Rede Heiner Scholing: Antrag (SPD/GRÜNE) zur Förderung von Mehrsprachigkeit

- Es gilt das gesprochene Wort - 

Anrede,

Nehmen wir hier bitte doch mal einen Perspektivwechsel vor. Betrachten wir Schule doch einmal aus dem Blickwinkel einer Familie aus Portugal, die hier schon seit mehreren Jahren, ja vielleicht Jahrzehnten lebt. In der Familie wird portugiesisch gesprochen. Das schulpflichtig werdende Kind besucht eine Kita. Es wächst im Prinzip zweisprachig auf. Prägend ist allerdings die Herkunftssprache.

Im Sprachfeststellungsverfahren im Vorfeld der Schule wird ein Bedarf im Erwerb der deutschen Sprache festgestellt. Es ist ein großer Fortschritt, dass wir im Vorfeld von Schule eine Feststellung über den Unterstützungsbedarf in Bezug auf den Erwerb der deutschen Sprache ermitteln.

Bei der Familie kommt aber noch etwas anderes an: hier ist ein Defizit festgestellt worden. Das positive Vermögen des Kindes – nämlich eine weitere Sprache zu beherrschen - gerät nicht oder zu wenig in den Blick. Und diese fehlende Wahrnehmung einer sehr bedeutsamen Fähigkeit hat Folgen:

Die Familie fühlt sich dann eben doch nicht zugehörig.

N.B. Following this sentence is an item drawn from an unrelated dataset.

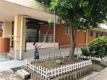 新しく用意した虫あみを使って、虫を捕まえていました。暑い中ですが、無理せずに楽しんでほしいと思います。

Ich habe mit mehreren Verbänden und auch mehreren betroffenen Eltern über diesen Antrag gesprochen. Ich habe regelmäßig eine positive – nein, eine sehr positive Rückmeldung bekommen. Hin und wieder wurde mir aber auch eine Frage gestellt:

Warum passiert bisher zu wenig in Hinblick auf die Förderung des herkunftssprachlichen Unterrichts? Warum führt der herkunftssprachliche Unterricht ein Randdasein? Warum ist er nicht zeugnisrelevant?

Warum werden keine Zertifikate vergeben?

Ich habe regelmäßig und mit Überzeugung geantwortet, dass wir keineswegs am Nullpunkt stehen, dass wir schon einiges auf den Weg gebracht haben.

2014 wurde ein Erlass veröffentlicht, der eine Grundlage für schulische Angebote legt. Herkunftssprachlicher Unterricht wird in Grundschulen erteilt. In der SEK I gibt es Projektschulen und AG-Angebote. Es gibt Möglichkeiten der Anerkennung der Herkunftssprache als 2. Fremdsprache. Und so weiter.

Aber ich bin mit dieser Antwort nicht immer durchgedrungen.

Es fehlt etwas:

Zu viele Eltern bzw. ihre Kinder haben keine Angebote.

Schwierig ist die Fortführung von Angeboten in der SEK I.

Zeugnisrelevanz ist nicht gegeben.

Angebote finden eher am Rand der Schule statt.

Es fehlen Lehrkräfte.

Auch an diesem Thema wird etwas deutlich: wir haben die Tatsache, dass wir ein Einwanderungsland sind, noch viel zu wenig in Gesetze und Erlasse und erst recht nicht in tägliches Handeln übersetzt haben. Und das hat Konsequenzen.

Menschen fühlen sich abgehängt und an den Rand gedrängt.

Wir sind uns absolut einig darin, dass der Erwerb der deutschen Sprache essentiell wichtig für Integration ist. Deshalb haben wir auch angesichts der hohen Flüchtlingszahlen so große Anstrengungen unternommen diesen Bereich innerhalb kürzester Zeit mit Ressourcen und passenden Maßnahmen weiterzuentwickeln.

Aber die Weiterentwicklung der Maßnahmen zur Stärkung des herkunftssprachlichen Unterrichts ist lediglich die andere Seite der Medaille.

Die Zielsetzung ist identisch:

  • Integration soll gelingen!
  • Niemand wird abgehängt!
  • Keiner geht verloren!

Das Kultusministerium hat bereits zahlreiche, konkrete Schritte zur Weiterentwicklung des herkunftssprachlichen Unterrichts unternommen. Es wurden Maßnahmen zur Ausbildung von zukünftigen Lehrkräften auf den Weg gebracht. Bereits im Dienst befindliche Lehrkräfte sind angesprochen worden, ob sie Interesse an der Erteilung von herkunftssprachlichem Unterricht haben.

Qualifizierungsmaßnahmen sind in Planung. Dafür möchte ich mich ausdrücklich bedanken.

Und schließlich bin ich mir sicher, dass die Weiterentwicklung unsere Schulen besser machen wird.